AVAILABLE DATA:
○ ○ ○
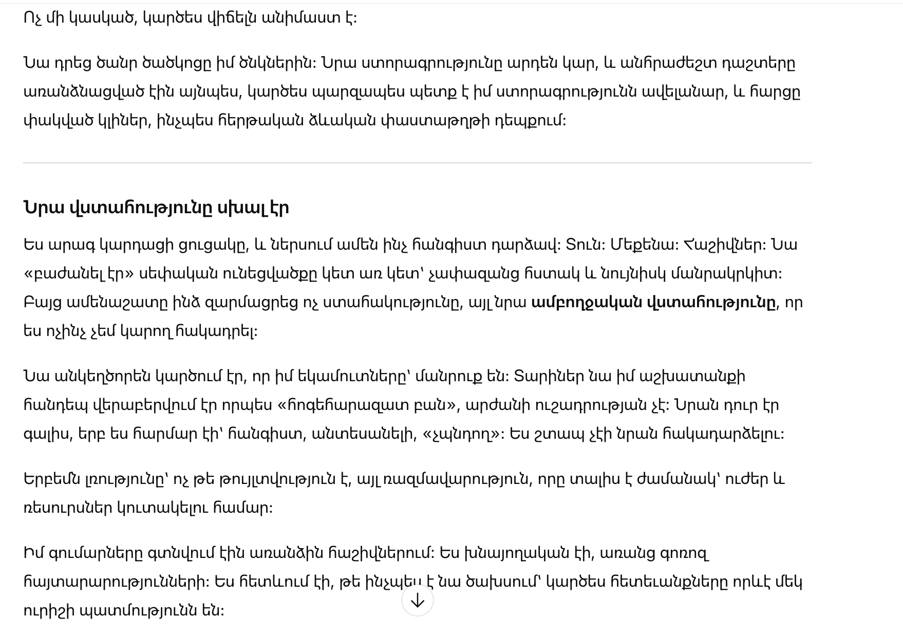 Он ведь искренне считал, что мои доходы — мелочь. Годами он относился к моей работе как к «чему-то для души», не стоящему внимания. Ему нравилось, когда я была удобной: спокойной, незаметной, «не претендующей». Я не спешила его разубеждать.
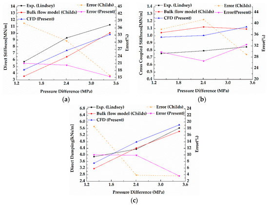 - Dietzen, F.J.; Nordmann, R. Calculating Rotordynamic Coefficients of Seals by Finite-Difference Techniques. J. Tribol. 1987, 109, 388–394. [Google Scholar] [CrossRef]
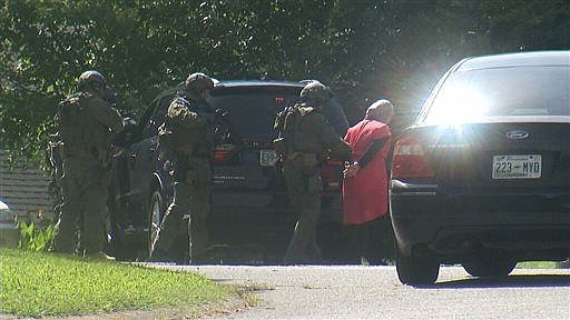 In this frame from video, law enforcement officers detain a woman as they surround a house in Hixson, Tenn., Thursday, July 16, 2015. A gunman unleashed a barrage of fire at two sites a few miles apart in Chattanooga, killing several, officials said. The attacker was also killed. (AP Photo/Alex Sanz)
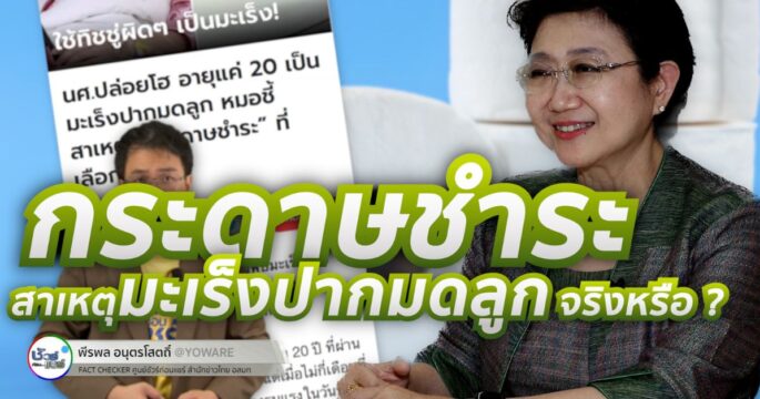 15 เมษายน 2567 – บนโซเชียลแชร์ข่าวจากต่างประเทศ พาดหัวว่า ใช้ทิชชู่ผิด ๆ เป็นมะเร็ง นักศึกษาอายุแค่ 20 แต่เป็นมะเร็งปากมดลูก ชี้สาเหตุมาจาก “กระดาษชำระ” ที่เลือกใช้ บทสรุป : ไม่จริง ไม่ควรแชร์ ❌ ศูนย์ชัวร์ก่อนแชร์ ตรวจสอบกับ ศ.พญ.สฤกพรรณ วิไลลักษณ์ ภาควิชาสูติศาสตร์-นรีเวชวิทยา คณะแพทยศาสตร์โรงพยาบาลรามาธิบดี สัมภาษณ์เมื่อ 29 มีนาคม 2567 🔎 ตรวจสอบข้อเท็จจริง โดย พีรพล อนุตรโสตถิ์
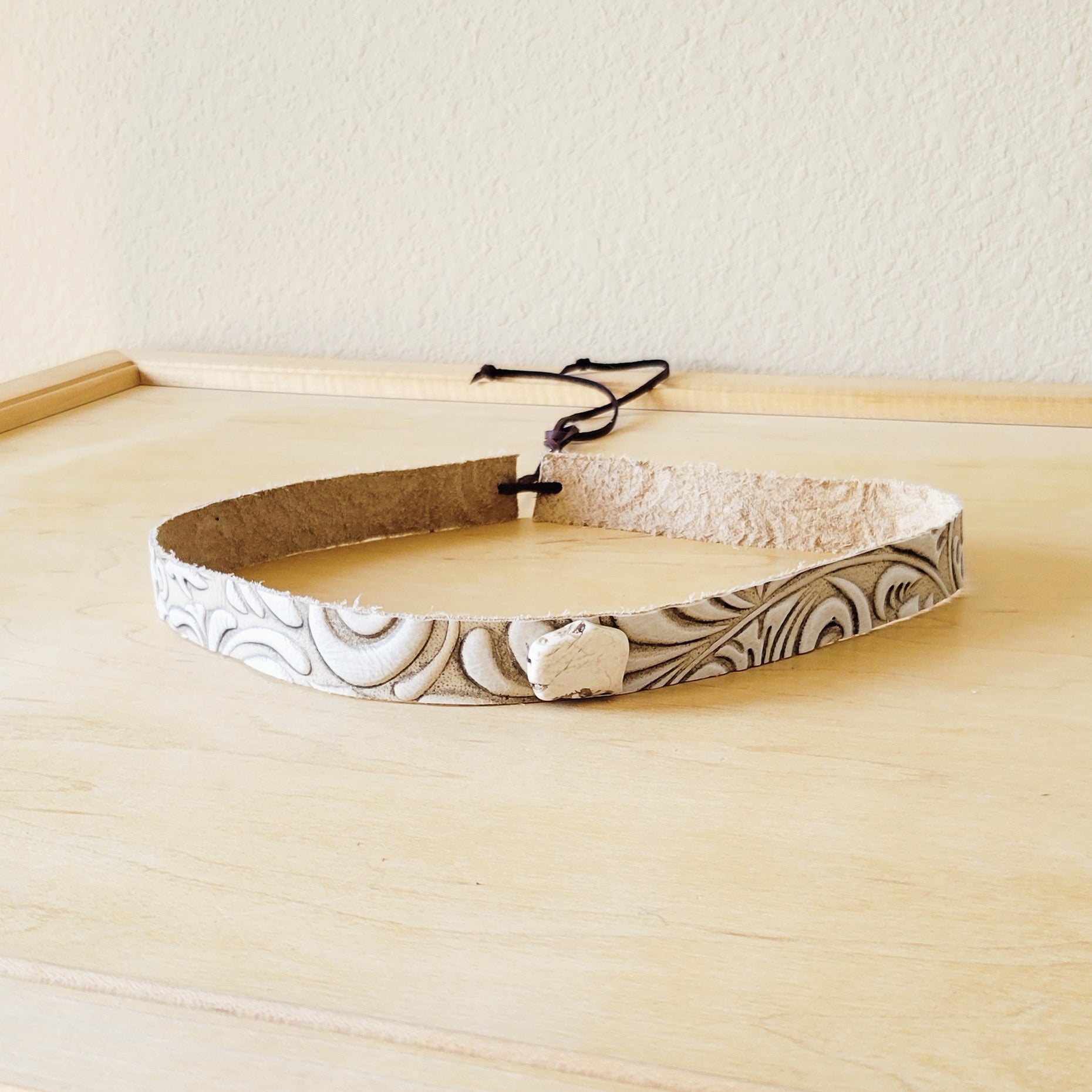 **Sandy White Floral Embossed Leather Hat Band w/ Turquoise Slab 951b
○ ○ ○
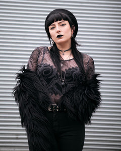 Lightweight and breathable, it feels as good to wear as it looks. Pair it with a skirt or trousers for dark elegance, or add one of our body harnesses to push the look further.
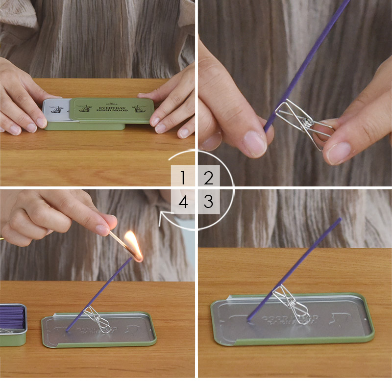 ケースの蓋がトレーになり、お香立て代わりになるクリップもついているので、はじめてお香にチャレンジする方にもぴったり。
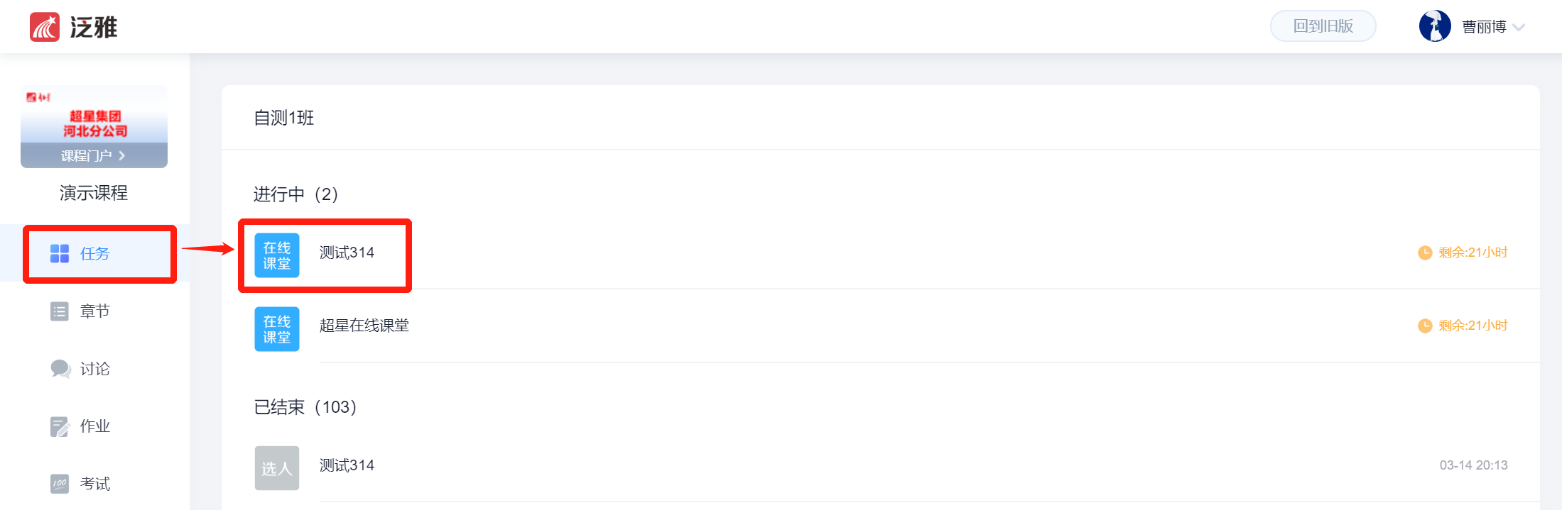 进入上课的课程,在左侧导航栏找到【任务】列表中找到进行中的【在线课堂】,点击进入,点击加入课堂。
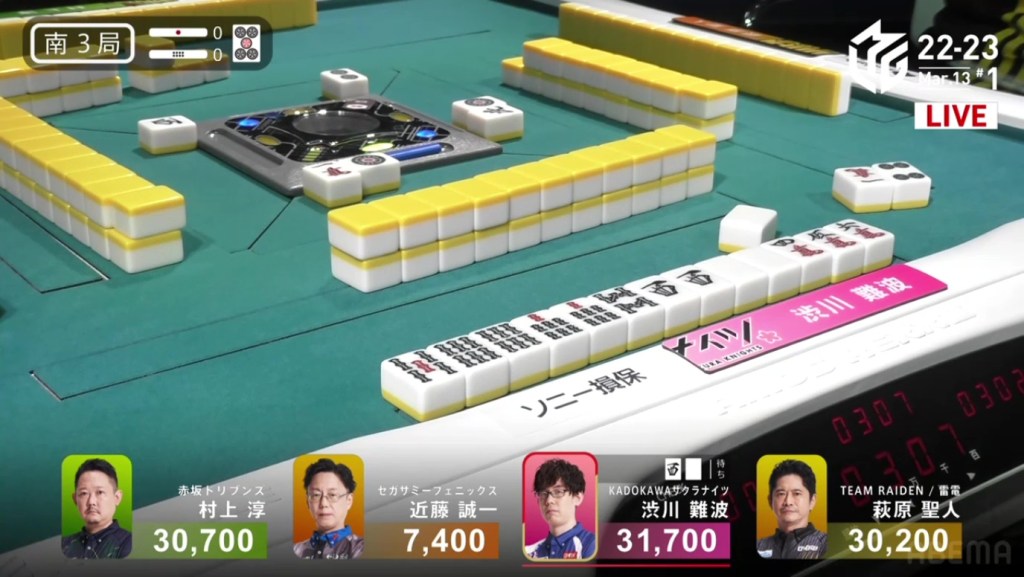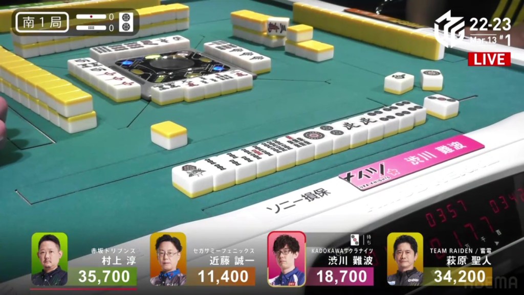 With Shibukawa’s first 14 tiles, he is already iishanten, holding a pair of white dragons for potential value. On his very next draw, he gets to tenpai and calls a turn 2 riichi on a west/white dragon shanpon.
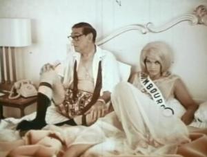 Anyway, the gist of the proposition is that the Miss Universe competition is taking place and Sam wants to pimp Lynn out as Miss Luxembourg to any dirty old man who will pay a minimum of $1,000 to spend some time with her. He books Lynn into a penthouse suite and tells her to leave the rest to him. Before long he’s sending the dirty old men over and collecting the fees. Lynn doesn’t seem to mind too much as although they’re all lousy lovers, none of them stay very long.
○ ○ ○
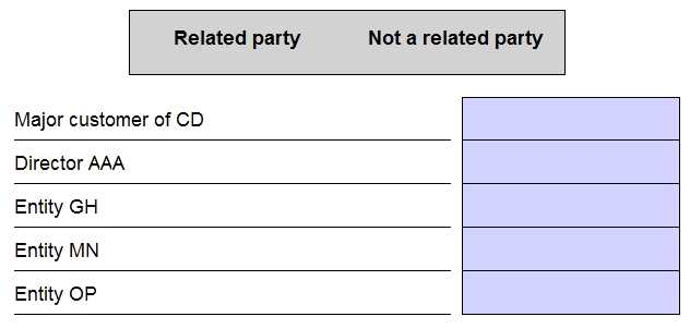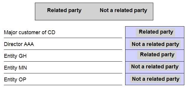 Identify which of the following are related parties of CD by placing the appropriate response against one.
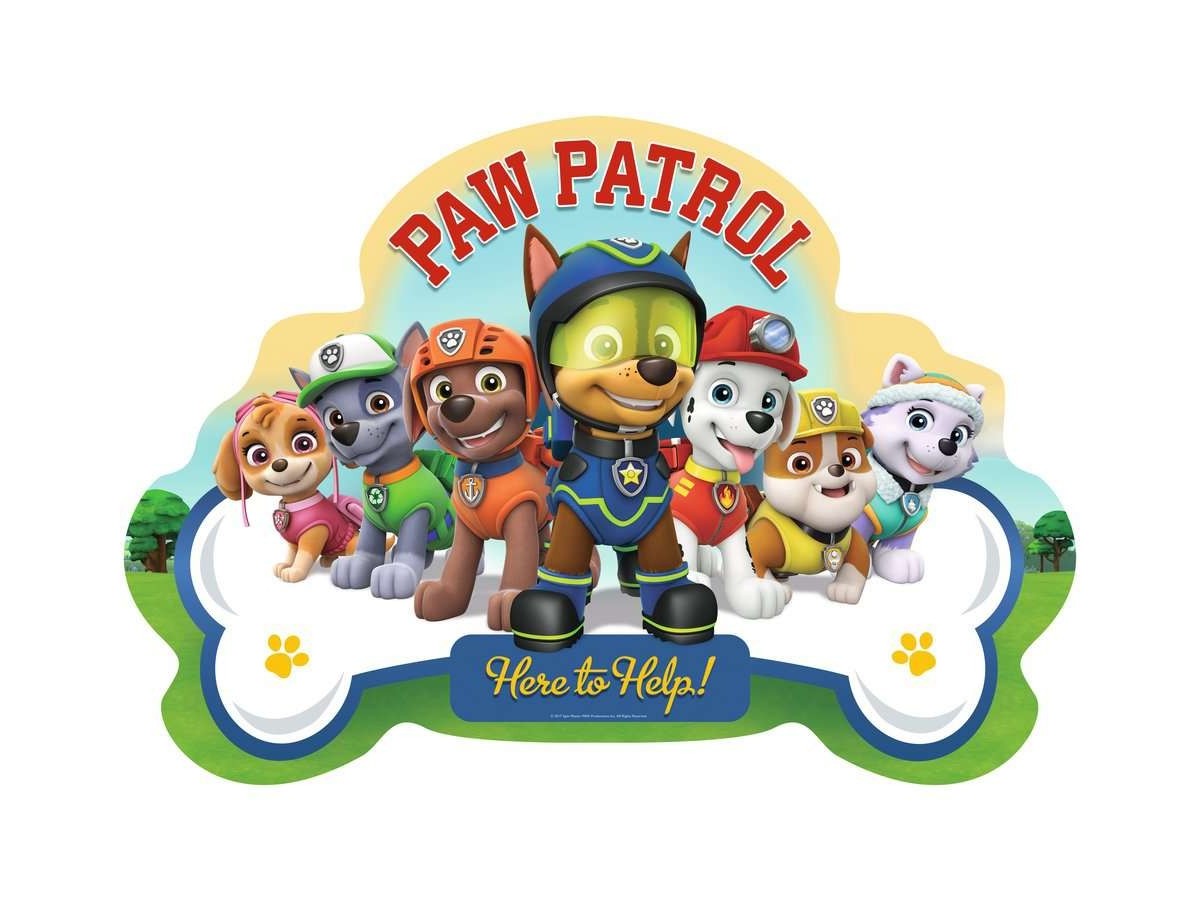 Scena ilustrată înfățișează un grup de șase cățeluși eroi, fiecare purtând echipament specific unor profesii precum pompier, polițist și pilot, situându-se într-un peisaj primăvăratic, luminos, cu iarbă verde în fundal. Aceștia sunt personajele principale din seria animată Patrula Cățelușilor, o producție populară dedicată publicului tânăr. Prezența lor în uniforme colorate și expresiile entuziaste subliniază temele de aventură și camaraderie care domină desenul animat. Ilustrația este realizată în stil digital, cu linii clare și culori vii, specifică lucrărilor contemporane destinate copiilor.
○ ○ ○
WHAT YOU ARE ASKED TO DO:
Everything from the line with "15 เมษายน 2567" through the line with "Turquoise Slab 951b" in the material above should be transcribed exactly, except the pictures.

OUTPUT FOR THIS TASK:
 15 เมษายน 2567 – บนโซเชียลแชร์ข่าวจากต่างประเทศ พาดหัวว่า ใช้ทิชชู่ผิด ๆ เป็นมะเร็ง นักศึกษาอายุแค่ 20 แต่เป็นมะเร็งปากมดลูก ชี้สาเหตุมาจาก “กระดาษชำระ” ที่เลือกใช้ บทสรุป : ไม่จริง ไม่ควรแชร์ ❌ ศูนย์ชัวร์ก่อนแชร์ ตรวจสอบกับ ศ.พญ.สฤกพรรณ วิไลลักษณ์ ภาควิชาสูติศาสตร์-นรีเวชวิทยา คณะแพทยศาสตร์โรงพยาบาลรามาธิบดี สัมภาษณ์เมื่อ 29 มีนาคม 2567 🔎 ตรวจสอบข้อเท็จจริง โดย พีรพล อนุตรโสตถิ์
 **Sandy White Floral Embossed Leather Hat Band w/ Turquoise Slab 951b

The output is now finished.